| Article ID | Journal | Published Year | Pages | File Type |
|---|---|---|---|---|
| 762216 | Computers & Fluids | 2012 | 7 Pages |
In this paper, we study the performance of some finite volume schemes for linear shallow water equations on a rotating frame. It is shown here that some well-known upwind schemes, which perform well for gravity waves, lead to a high level of damping or numerical oscillation for Rossby waves. We present a modified five-point upwind finite volume scheme which leads to a low level of numerical diffusion and oscillation for Rossby waves. The method uses a high-order upwind method for the calculation of the numerical flux and a fourth-order Adams method for time integration of the equations and is considerably more efficient than the fourth-order Runge–Kutta method that is usually used for temporal integration of shallow water equations in the presence of the Coriolis term. In the method proposed here, the Coriolis term is treated analytically in two stages: before and after calculation of computational fluxes.
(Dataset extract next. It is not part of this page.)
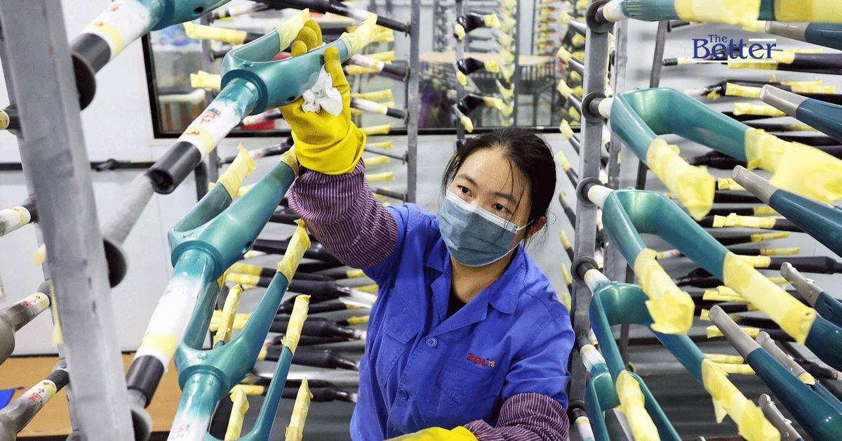 Photo - คนงานกำลังตรวจสอบชิ้นส่วนจักรยานที่ทำจากคาร์บอนไฟเบอร์ที่โรงงานผลิตจักรยานในเมืองเหลียนหยุนกั่ง มณฑลเจียงซู ทางตะวันออกของจีน เมื่อวันที่ 14 พฤศจิกายน พ.ศ. 2568 (ภาพโดย AFP) / CHINA OUT
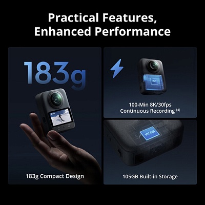 Высокопроизводительный чип обработки изображений в сочетании с усовершенствованной системой охлаждения обеспечивает непрерывную запись в формате 8K/30 кадров в секунду продолжительностью до 100 минут и до 190 минут записи при съемке видео 6K 360°.

It is shown that the energy dissipation of the proposed method is considerably less than other upwind methods that are widely used, such as the third-order upwind method.
► Standard upwind schemes fail to accurately simulate large scale oceanic waves. ► The proposed method leads to a considerable improvement of energy conservation. ► The proposed method works well both for gravity and Rossby waves. ► Fourth order Adams method is an accurate and efficient choice for SW equations ► A fifth order upwind scheme is proposed.